With pictures removed, output every record below exactly as written.

(Data extracted from a collection)

Segment Open

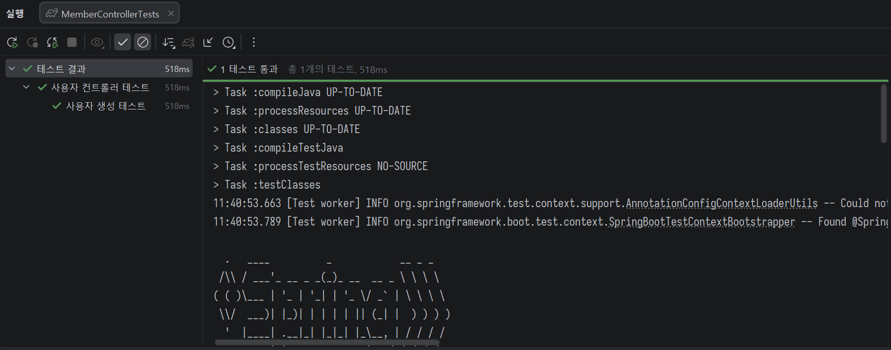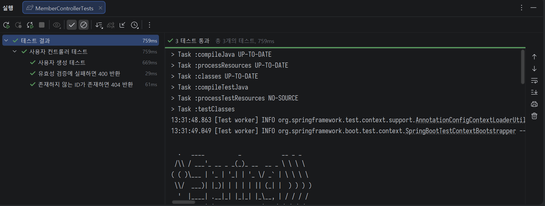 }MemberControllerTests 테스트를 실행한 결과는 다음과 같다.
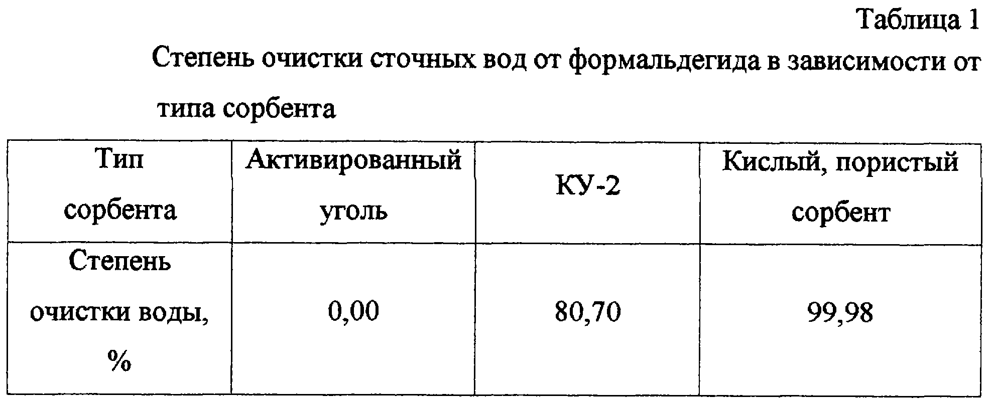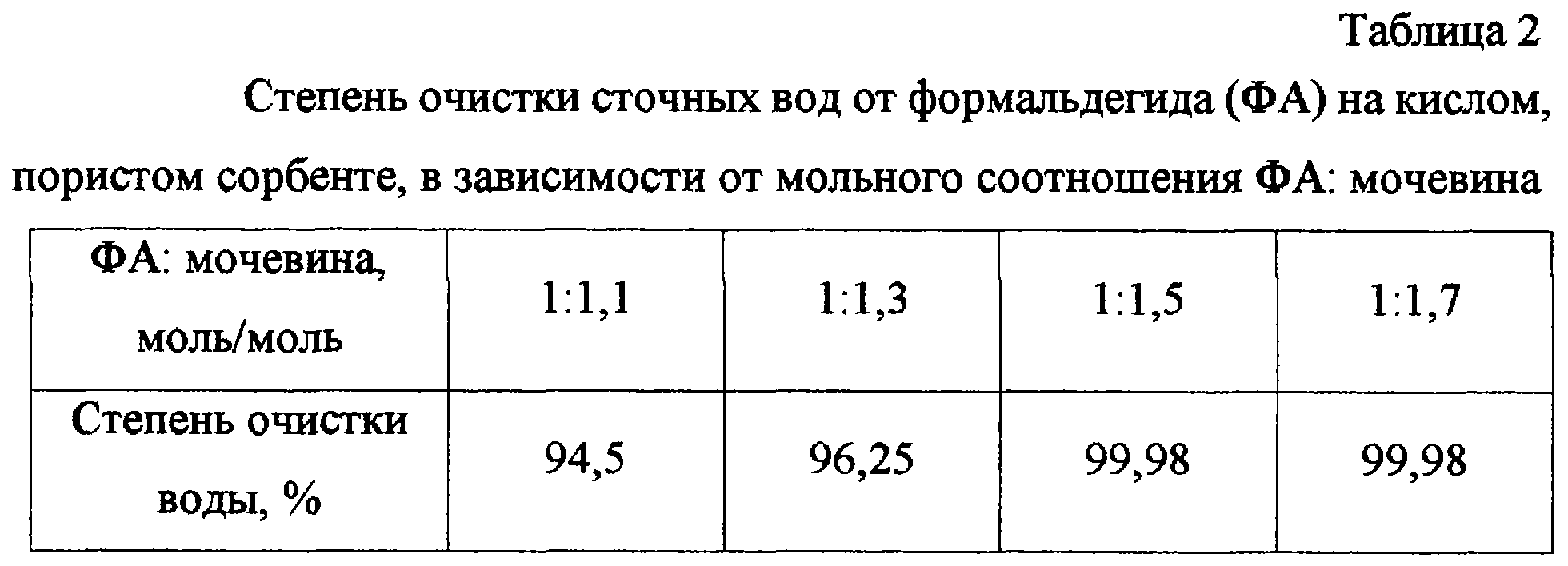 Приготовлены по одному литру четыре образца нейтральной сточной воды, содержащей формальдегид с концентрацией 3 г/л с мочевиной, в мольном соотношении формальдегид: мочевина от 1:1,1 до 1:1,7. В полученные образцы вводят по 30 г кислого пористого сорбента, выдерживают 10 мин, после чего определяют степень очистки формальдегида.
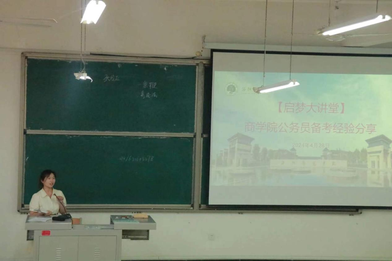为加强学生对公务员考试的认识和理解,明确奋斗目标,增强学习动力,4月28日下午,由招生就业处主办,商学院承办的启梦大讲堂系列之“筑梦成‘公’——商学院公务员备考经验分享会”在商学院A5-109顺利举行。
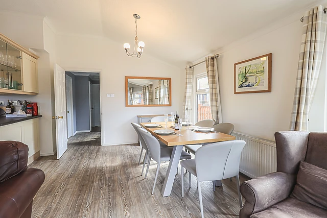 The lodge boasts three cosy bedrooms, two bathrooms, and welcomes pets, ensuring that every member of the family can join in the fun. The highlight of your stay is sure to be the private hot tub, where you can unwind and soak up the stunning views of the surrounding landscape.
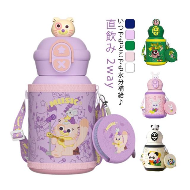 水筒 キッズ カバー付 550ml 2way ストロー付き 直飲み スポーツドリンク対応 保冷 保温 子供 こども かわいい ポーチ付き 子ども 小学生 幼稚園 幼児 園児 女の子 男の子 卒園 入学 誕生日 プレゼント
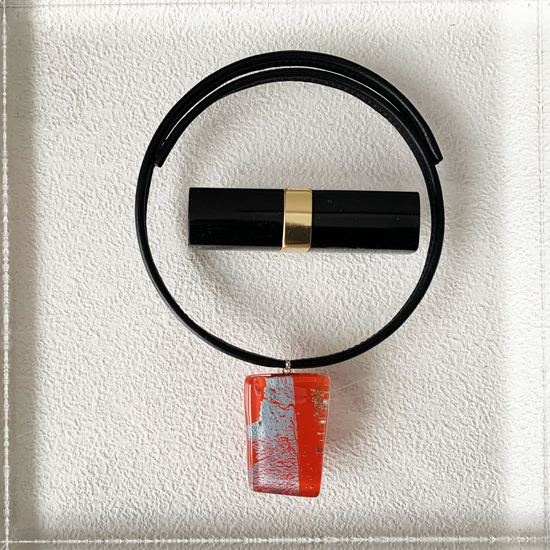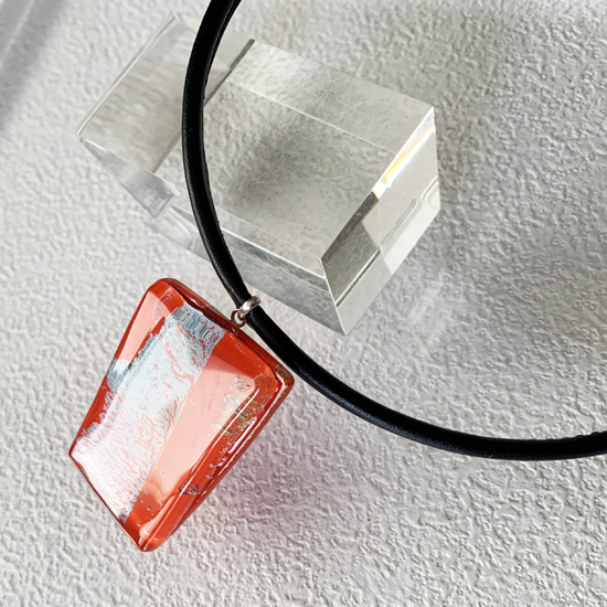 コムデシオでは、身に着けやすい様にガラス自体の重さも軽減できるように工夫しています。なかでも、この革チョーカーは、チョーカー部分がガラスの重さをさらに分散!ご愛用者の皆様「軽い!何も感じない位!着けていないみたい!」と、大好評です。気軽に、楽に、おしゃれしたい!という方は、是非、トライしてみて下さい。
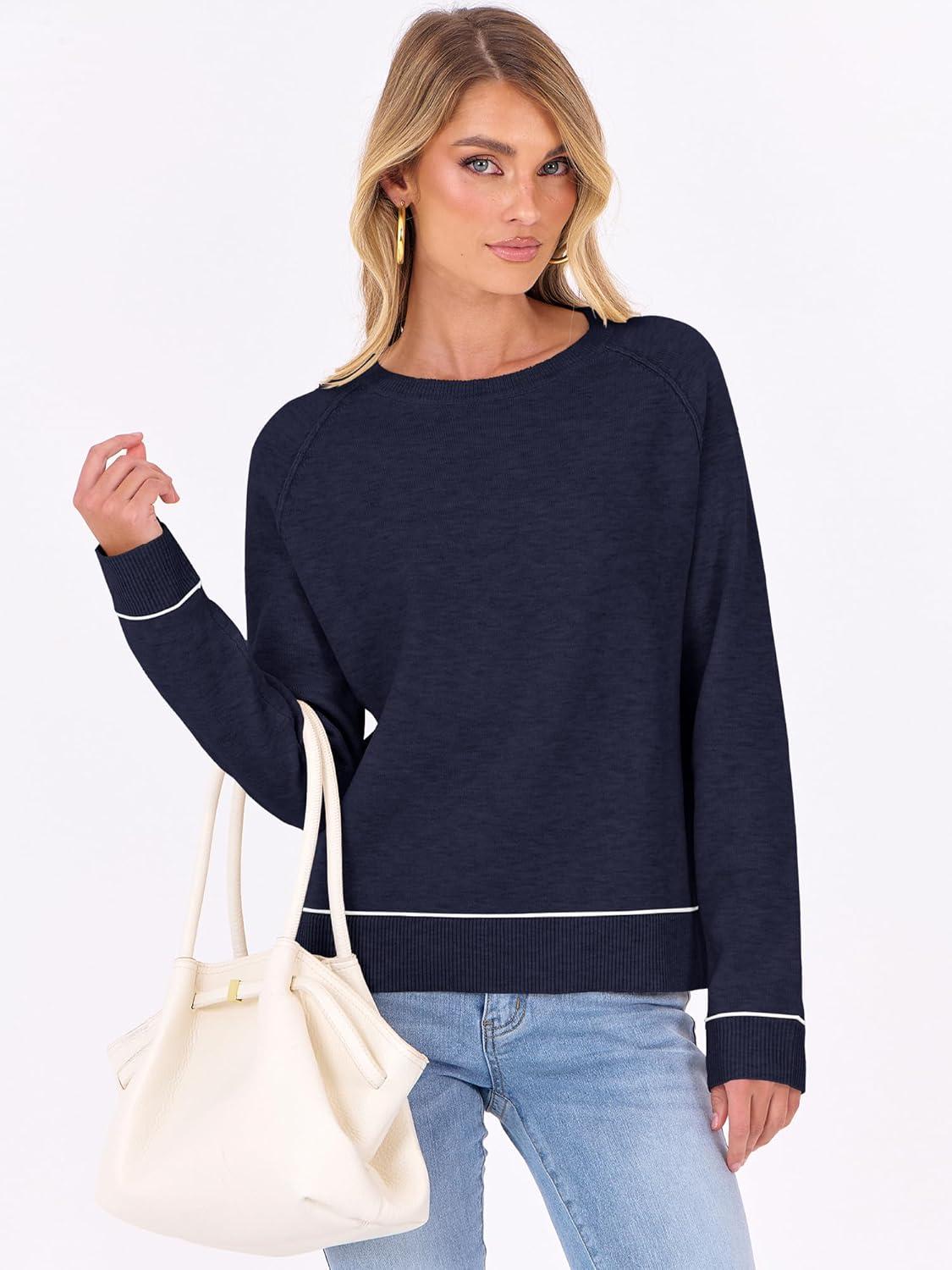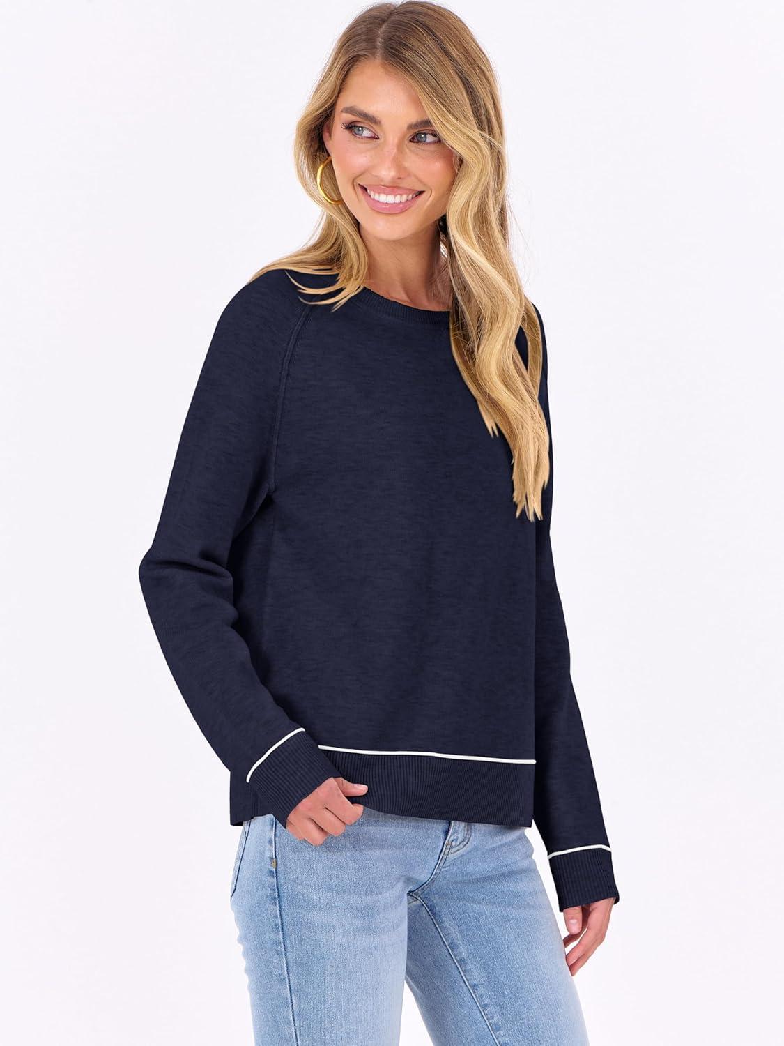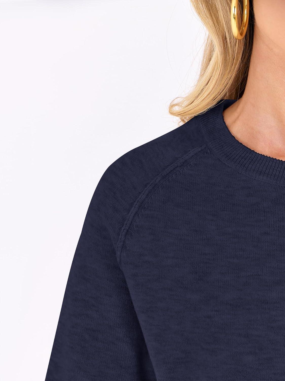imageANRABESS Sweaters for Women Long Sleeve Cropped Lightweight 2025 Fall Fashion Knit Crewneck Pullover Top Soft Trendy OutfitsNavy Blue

Segment Closed

* _TASK OUTPUT_:
 }MemberControllerTests 테스트를 실행한 결과는 다음과 같다.
 Приготовлены по одному литру четыре образца нейтральной сточной воды, содержащей формальдегид с концентрацией 3 г/л с мочевиной, в мольном соотношении формальдегид: мочевина от 1:1,1 до 1:1,7. В полученные образцы вводят по 30 г кислого пористого сорбента, выдерживают 10 мин, после чего определяют степень очистки формальдегида.
为加强学生对公务员考试的认识和理解,明确奋斗目标,增强学习动力,4月28日下午,由招生就业处主办,商学院承办的启梦大讲堂系列之“筑梦成‘公’——商学院公务员备考经验分享会”在商学院A5-109顺利举行。
 The lodge boasts three cosy bedrooms, two bathrooms, and welcomes pets, ensuring that every member of the family can join in the fun. The highlight of your stay is sure to be the private hot tub, where you can unwind and soak up the stunning views of the surrounding landscape.
 水筒 キッズ カバー付 550ml 2way ストロー付き 直飲み スポーツドリンク対応 保冷 保温 子供 こども かわいい ポーチ付き 子ども 小学生 幼稚園 幼児 園児 女の子 男の子 卒園 入学 誕生日 プレゼント
 コムデシオでは、身に着けやすい様にガラス自体の重さも軽減できるように工夫しています。なかでも、この革チョーカーは、チョーカー部分がガラスの重さをさらに分散!ご愛用者の皆様「軽い!何も感じない位!着けていないみたい!」と、大好評です。気軽に、楽に、おしゃれしたい!という方は、是非、トライしてみて下さい。
imageANRABESS Sweaters for Women Long Sleeve Cropped Lightweight 2025 Fall Fashion Knit Crewneck Pullover Top Soft Trendy OutfitsNavy Blue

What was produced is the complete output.